Application of Sec. 367 to Outbound Sec. 304 Transactions

Sec. 304(a)(1) generally provides that if one or more persons are in control of each of two corporations and, in return for property, one corporation acquires stock in the other from the person(s) in control, the property is treated as a distribution in redemption of the acquiring corporation's stock. To the extent the distribution is treated as a dividend-equivalent redemption, the transferor and the acquiring corporation are treated as if:

* The transferor contributed the target corporation's stock to the acquiring corporation in exchange for its stock in a transaction to which Sec. 351(a) applies (the deemed 351 exchange); and

* The acquiring corporation then redeemed the stock it is treated as having issued (the deemed redemption).

Secs. 367(a) and (b) generally apply to certain outbound nonrecognition transactions, including Sec. 351 exchanges.

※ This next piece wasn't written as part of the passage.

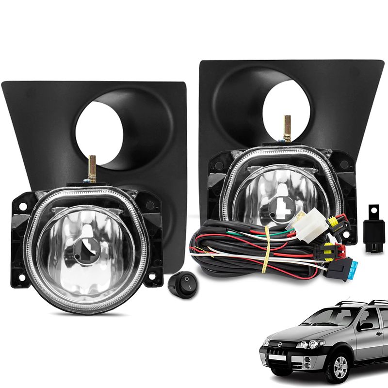 Kit Farol de Milha Auxiliar Palio Weekend Strada Adventure 2004 a 2007 Botão Tic Tac - Suits Os Farois de Milha Auxiliares Suits foram desenvolvidos para melhoria no sistema de iluminação do veículo, ideal para melhorar a visibilidade em situações como chuva, neblina intensa e períodos noturnos trazendo ao motorista uma direção mais segura, além de trazer um design diferenciado e único ao seu veículo. O kit conta com encaixe sob medida para seu veículo, lente lisa em Plástico Policarbonato, acompanhando 2 Faróis de Milha, regulagem de foco manual, relê, e botão Tic Tac. Lâmpada Utilizada H1, acompanha kit de instalação completo com chicote feito em cobre resistente, suporta Xênon e Led(não acompanha lâmpada). Produto com excelente acabamento, resistente ao sol e a chuva. Sua melhor escolha para proporcionar maior design e segurança sem qualquer adaptação em seu veículo. Especificações Técnicas: Kit farol de milha STS160FT (lado direito e esquerdo) Acompanha Chicote e Rele 2 Faróis de Milha 2 suporte para Farois Material Da Lente: plástico Policarbonato Lâmpada utilizada:H1 Suporta Xenon e Led Encaixe Perfeito Tipo de regulagem: Manual Excelente Qualidade e Resistência Alta resistência ao sol e chuva Botão Tic Tac Design Esportivo e Moderno Não Acompanha Lampada Tabela de Aplicação: Strada 2004 Strada 2005 Strada 2006 Strada 2007 Compativel com a versão. Palio Weekend 2004 Palio Weekend 2005 Palio Weekend 2006 Palio Weekend 2007

However, final regulations adopted in 2006 provided that Secs. 367(a) and (b) would not apply to a deemed 351 exchange arising from a Sec. 304(a)(1) transaction. Treasury and the IRS initially adopted this position based on their views of permitted basis recovery in Sec. 304 transactions, which would generally require the current recognition of any gains that would be subject to Secs. 367(a) or (b). However, the law in the area of basis recovery in Sec. 304 transactions is unsettled, and the 2006 regulations have been revised accordingly.

On February 10, 2009, Treasury and the IRS issued temporary and final regulations (1) under Secs. 367, 304, and 1248. The new temporary regulations modify the general rule to provide for limited circumstances under which either Sec. 367(a) or (b) may apply to the deemed 351 exchange.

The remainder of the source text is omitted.